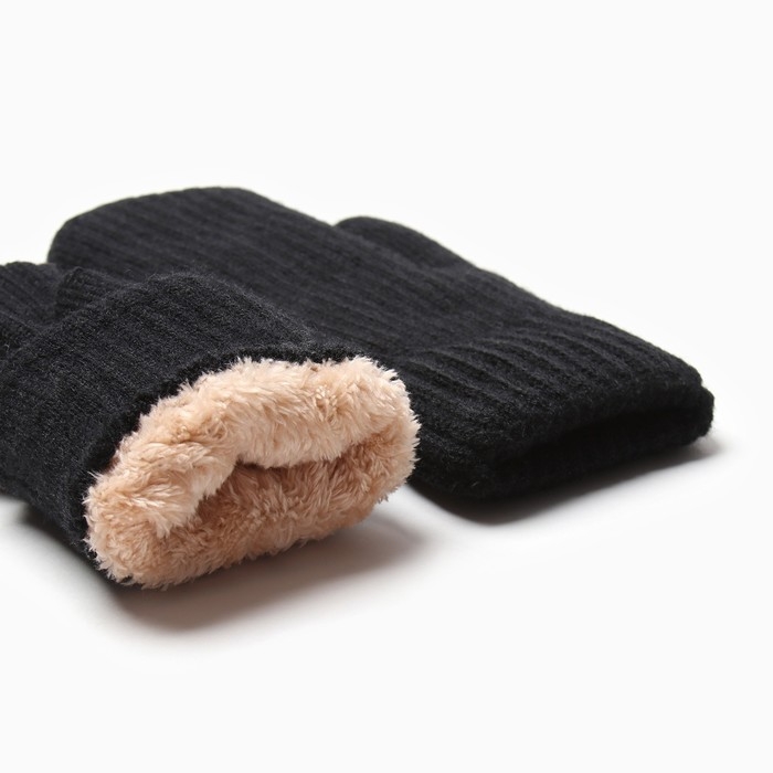 Варежки женские на иск.меху MINAKU рубчик 22 см черный
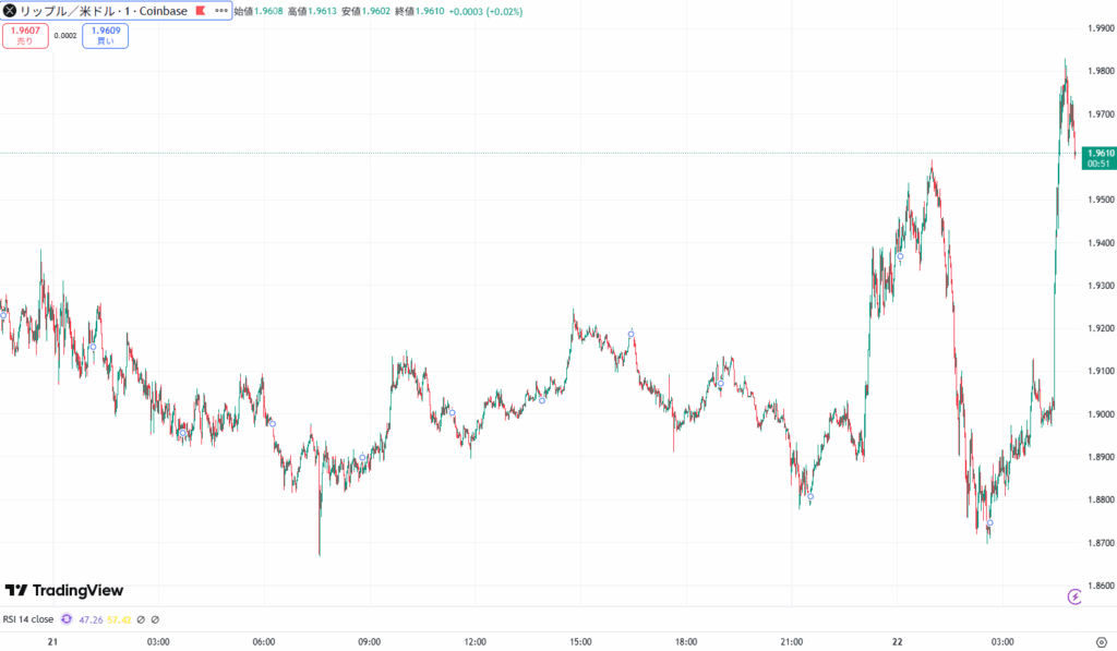 XRPもビットコイン同様に下落し、午前2時に1.87ドルまで下落後、そのあとは買い戻しが入り1.984ドル台まで回復しました。
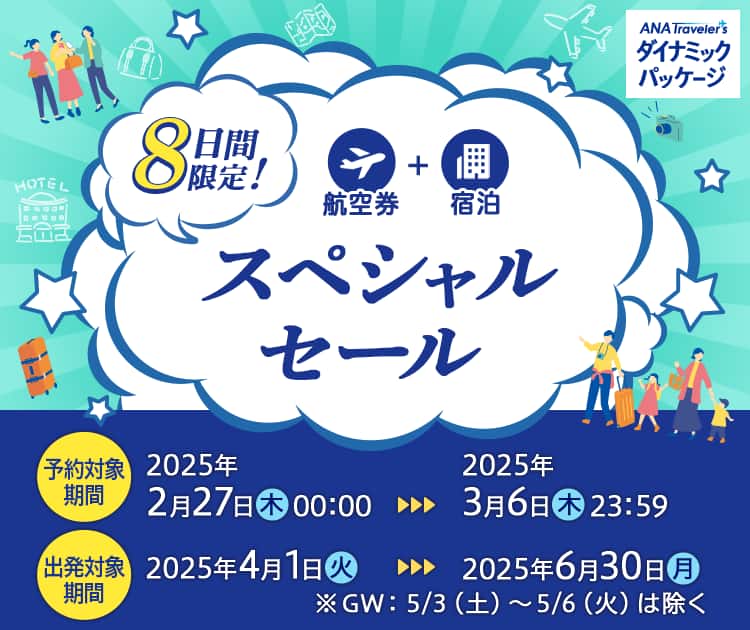 | 出発対象期間 | 2025年4月1日(火)~2025年6月30日(月)* GW:5/3(土)~5/6(火)は除く |

-=-=-

> _BRIEF_: Repeat every line above precisely; pictures do not belong in the copy.

> _ANSWER TO THIS EXERCISE_:
 Варежки женские на иск.меху MINAKU рубчик 22 см черный
 XRPもビットコイン同様に下落し、午前2時に1.87ドルまで下落後、そのあとは買い戻しが入り1.984ドル台まで回復しました。
 | 出発対象期間 | 2025年4月1日(火)~2025年6月30日(月)* GW:5/3(土)~5/6(火)は除く |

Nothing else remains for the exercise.